Il ruolo più strategico, in questa fase, è affidato a Simone Perillo, già in Confindustria e alla Fota (Formula One Teams Association) con incarichi direttivi. Perillo è il responsabile dello sviluppo territoriale. In pratica si occupa dell’apertura delle sedi. Si potrebbe paragonare al Marcello Dell’Utri che con Publitalia fornì la base a Forza Italia, ma Romano s’incazza sulle analogie con il Novanta-quattro del Cavaliere: “Noi non facciamo circoli, apriamo sedi regionali. L’imitazione del berlusconismo è smentita dai fatti: siamo qui da tre anni, quando eravamo ancora una delle poche voci critiche sul governo di centrodestra e Tre-monti veniva considerato un filosofo al pari di Hegel. E Montezemolo sia nel 2008 sia nel 2010 ha rifiutato di fare il ministro”. La scrivania di Romano è di colore blu. I quotidiani sono due, entrambi ripiegati e non italiani: l’Herald Tribune e il Financial Times. Alla parete un cimelio di valore che comincia così: “Dear Andrea”, una lettera con l’intestazione del mitico 10 di Downing Street e la firma di Tony Blair. Altri tempi quando la sinistra inseguiva il blairismo e Romano ne era uno dei più raffinati esegeti nello staff di D’Alema. Oggi Bersani ha riscoperto l’hollandismo neosocialdemocratico e questo non piace a If, che a Berlusconi invece rinfaccia di non aver fatto la rivoluzione liberale.

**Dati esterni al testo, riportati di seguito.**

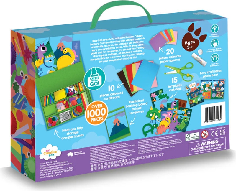 Vo vnútri nájdete knižku s kreatívnymi nápadmi plnú inšpirácie a viac než 1000 dielikov vrátane lepidla, bezpečnostných nožníc, austrálskych ilustrovaných šablón, praktickej podložky na tvorenie a základných výtvarných potrieb. Všetko, čo potrebujete na hodiny senzorického kolážového tvorenia, je prehľadne uložené v pevnom a prenosnom boxe.
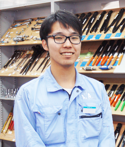 主に船舶で使用する遮断器の陸揚げ点検・整備を担当しています。陸揚げされた遮断器は、まず現状での作動確認及び目視検査で不良箇所の特定を行います。その後、遮断器を整備のために分解してから再度組み立てるのですが、最初は手順を覚えることに苦労しました。そんな私に対し、時に厳しく時に優しく、根気よく教えてくれた先輩方に感謝しています。お客様から預かった遮断器が私の整備により綺麗に生まれ変わる、それが今のやりがいです。
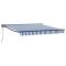 Cadre d'auvent Bleu et Blanc 350 x 250 cmCe store rétractable propose de l'ombre pratique pour des espaces extérieurs comme les jardins et terrasses. Il s'étend ou se rétracte facilement pour moduler la lumière du soleil et l'abri selon vos besoins. Idéal pour des repas en plein air, se détendre ou recevoir des amis, il rend l'environnement plus agréable en protégeant du soleil direct et de la pluie légère. Le store est un super ajout pour profiter au max de votre extérieur tout au long de l'année. Matériaux durables : Fabriqué avec du polyester enduit de PU pour résister aux intempéries. Le cadre en acier et aluminium revêtu de poudre garantit un support stable pour un usage quotidien dehors. Fonctionnement ajustable : Le store peut être actionné avec une manivelle manuelle ou à distance, offrant une grande flexibilité selon vos besoins d'ombre. Structure semi-cassette : Conçu avec des bras rétractables et un rouleau en aluminium pour un déploiement facile et un rangement pratique tout en protégeant le tissu quand c'est replié. Ombre extérieure : Parfait pour patios, jardins et terrasses, le mécanisme rétractable permet d'ajuster la zone d'ombre en fonction du soleil. Exigences d'installation : Conçu pour un montage mural, il nécessite des outils de base comme un tournevis, une perceuse et une pince. Suivez bien les instructions pour réussir l'assemblage et la mise en place. Danger ! Ressort fort lors de l'ouverture. Ne retirez pas cette corde si vous n'avez pas terminé toutes les étapes d'assemblage avec tous les boulons fixés et l'article fixé au mur ! Avertissement! Faire attention en desserrant les bras, car ils sont sous tension ! Un relâchement soudain du bras d'un auvent à bras articulés peut provoquer des blessures. Avertissement : Les instructions d'utilisation doivent être lues avant d'utiliser le produit. Avertissement: Le fonctionnement dans des conditions de gel peut endommager le produit. Utilisation externe dans les bâtiments et autres travaux de construction.
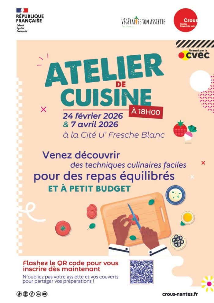 Le 24 février et le 7 avril à la Cité U’ Fresche Blanc, lors d’un atelier cuisine, venez découvrir des techniques culinaires faciles pour des repas équilibrés et à petit budget.
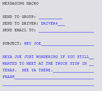 It is also important to note that drivers should be informed that all information transmitted via a macro is 100% visible to anyone using the Message Center or Driver Call In program. There is no privacy in regards to e-mail content.
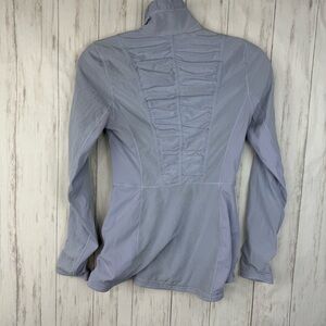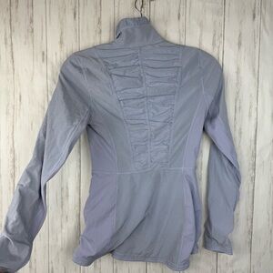 Lululemon size 4 Light Gray Periwinkle Jacket. Gently preloved in great condition. Soft lining inside. Flattering fit. Great for hiking and the gym

IL CANTIERE di Montezemolo avrà la sua celebrazione mediatica con una convention in programma il 13 e il 14 luglio. Date storicamente indicate per fare rivoluzioni. Il nodo però resta quello degli accordi. Romano non si smuove: “Non possiamo impedire a quelli del Pdl di parlare di Montezemolo ma noi non abbiamo contatti con nessuno. Ogni tanto mi chiama un giornalista e mi annuncia: ‘So per certo che avete l’accordo con Berlusconi’. Ma non c’è nulla, non facciamo tatticismo. Preferiamo la politica al politicismo”. Forse Romano vuole solo aumentare l’attesa per la convention, forse no. Fatto sta che If diventa sempre più trasversale e si è radicata in undici regioni. Senza contare il manipolo di ex scajoliani in Parlamento e la rete di rapporti con i poteri forti. Il treno della politica per Montezemolo sta passando un’altra volta e stavolta è deciso a salirci. La notizia, dopo undici anni, è questa.